Al final de una reflexión que lo sustrae primero, pero para hacerle experimentar mejor los lazos de la verdad que lo atan al mundo y a la historia, el filósofo halla, no el abismo del sí mismo o del saber absoluto, sino la imagen renovada del mundo, y a sí mismo implantado en ella, entre los otros. Su dialéctica o su ambigüedad no es más que una manera de poner en palabras lo que cada hombre sabe bien: el valor de los momentos en los que, en efecto, su vida se renueva continuándose, se reaprehende y se comprende yendo más allá, donde  su mundo privado deviene mundo común.

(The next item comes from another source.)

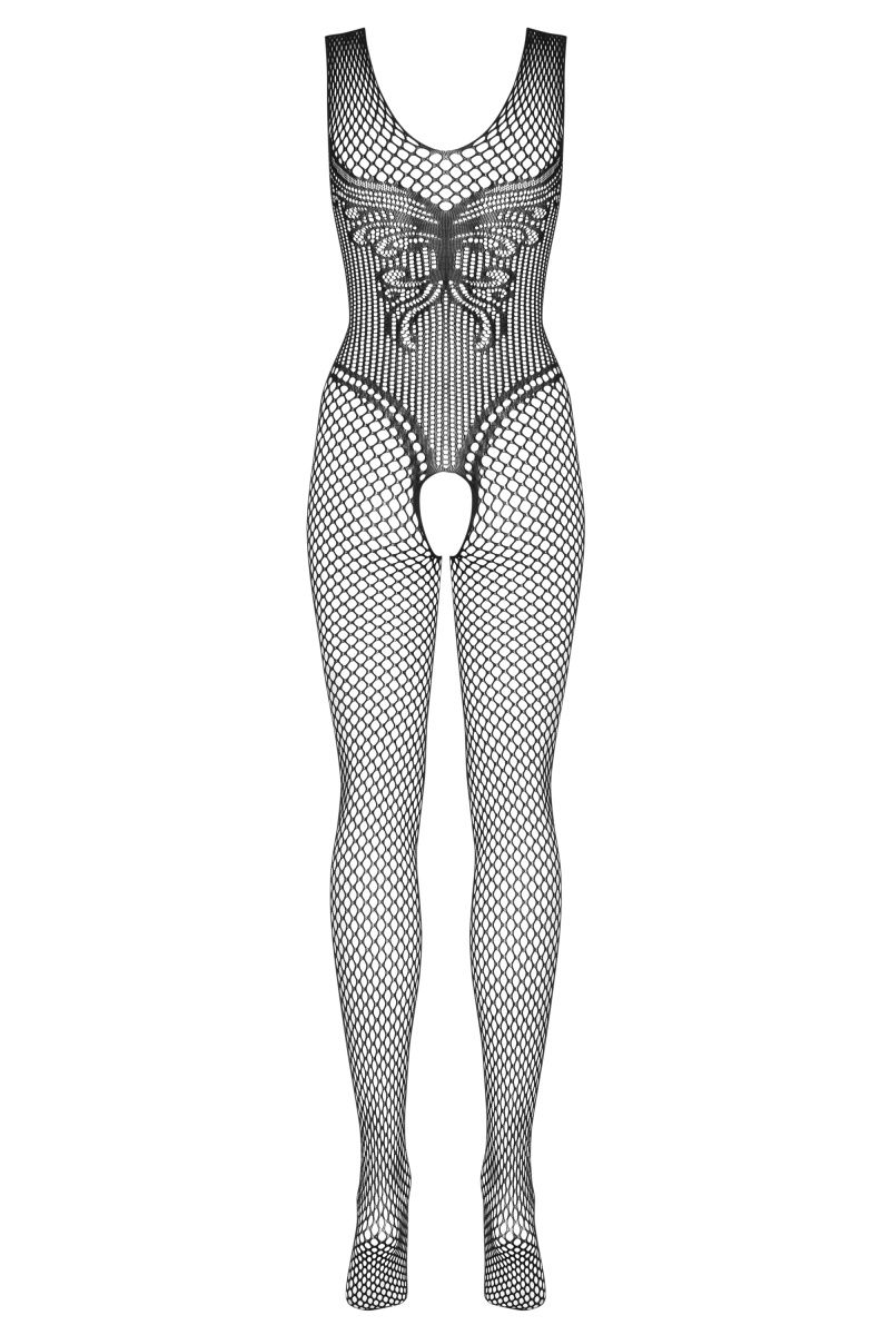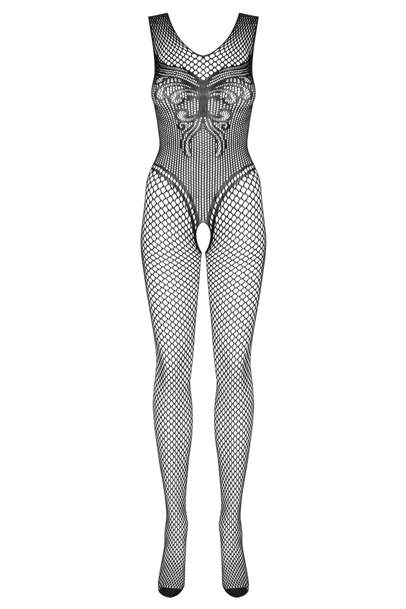 Пикантный комбинезон чулок, выполненный плетением из сетки двух разных размеров. Имитирует боди, спереди и сзади украшенное женственным узором.

Estos misterios están en cada uno como en él. ¿Qué dice de las relaciones del alma y el cuerpo, sino lo que de ellas saben todos los hombres, que hacen marchar al unísono su alma y su cuerpo, su bien y su mal? Qué enseña de la muerte sino que está oculta en la vida, como el cuerpo en el alma, y es este conocimiento el que hace, decía Montaigne: "morir un campesino y pueblos enteros tan invariablemente como un filósofo." El filósofo es el hombre que despierta y habla, y el hombre contiene silenciosamente las paradojas de la filosofía, porque, para ser completamente hombre, debe ser un poco más y un poco menos que hombre.”